About this task: Give back exactly the lines of the data below, starting with the line that has "Navigation and Control》" and going on through the line that has "設(shè)系統(tǒng)".

Data to examine:
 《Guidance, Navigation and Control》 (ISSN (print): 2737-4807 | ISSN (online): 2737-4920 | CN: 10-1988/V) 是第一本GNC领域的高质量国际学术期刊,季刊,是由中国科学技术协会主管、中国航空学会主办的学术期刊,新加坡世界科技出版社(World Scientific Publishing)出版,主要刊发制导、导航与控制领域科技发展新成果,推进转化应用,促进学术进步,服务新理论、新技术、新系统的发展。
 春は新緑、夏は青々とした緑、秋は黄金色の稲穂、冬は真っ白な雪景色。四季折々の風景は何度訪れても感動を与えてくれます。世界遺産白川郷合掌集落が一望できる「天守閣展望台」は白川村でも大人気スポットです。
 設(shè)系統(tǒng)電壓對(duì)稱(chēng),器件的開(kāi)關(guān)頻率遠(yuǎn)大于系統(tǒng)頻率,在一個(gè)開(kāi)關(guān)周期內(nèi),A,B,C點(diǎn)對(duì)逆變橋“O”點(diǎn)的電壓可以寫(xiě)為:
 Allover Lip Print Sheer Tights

* * *

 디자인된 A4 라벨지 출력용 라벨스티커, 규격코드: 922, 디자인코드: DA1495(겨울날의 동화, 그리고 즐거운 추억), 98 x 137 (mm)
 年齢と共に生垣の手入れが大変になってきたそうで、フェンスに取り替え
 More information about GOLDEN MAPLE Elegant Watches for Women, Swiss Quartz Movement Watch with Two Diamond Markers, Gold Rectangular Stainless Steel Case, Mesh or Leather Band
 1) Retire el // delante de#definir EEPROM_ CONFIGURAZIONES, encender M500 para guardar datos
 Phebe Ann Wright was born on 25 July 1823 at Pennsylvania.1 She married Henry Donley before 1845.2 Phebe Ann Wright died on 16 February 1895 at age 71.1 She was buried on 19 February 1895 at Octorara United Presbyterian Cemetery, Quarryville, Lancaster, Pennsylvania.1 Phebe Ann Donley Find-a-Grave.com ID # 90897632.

Result:
 《Guidance, Navigation and Control》 (ISSN (print): 2737-4807 | ISSN (online): 2737-4920 | CN: 10-1988/V) 是第一本GNC领域的高质量国际学术期刊,季刊,是由中国科学技术协会主管、中国航空学会主办的学术期刊,新加坡世界科技出版社(World Scientific Publishing)出版,主要刊发制导、导航与控制领域科技发展新成果,推进转化应用,促进学术进步,服务新理论、新技术、新系统的发展。
 春は新緑、夏は青々とした緑、秋は黄金色の稲穂、冬は真っ白な雪景色。四季折々の風景は何度訪れても感動を与えてくれます。世界遺産白川郷合掌集落が一望できる「天守閣展望台」は白川村でも大人気スポットです。
 設(shè)系統(tǒng)電壓對(duì)稱(chēng),器件的開(kāi)關(guān)頻率遠(yuǎn)大于系統(tǒng)頻率,在一個(gè)開(kāi)關(guān)周期內(nèi),A,B,C點(diǎn)對(duì)逆變橋“O”點(diǎn)的電壓可以寫(xiě)為:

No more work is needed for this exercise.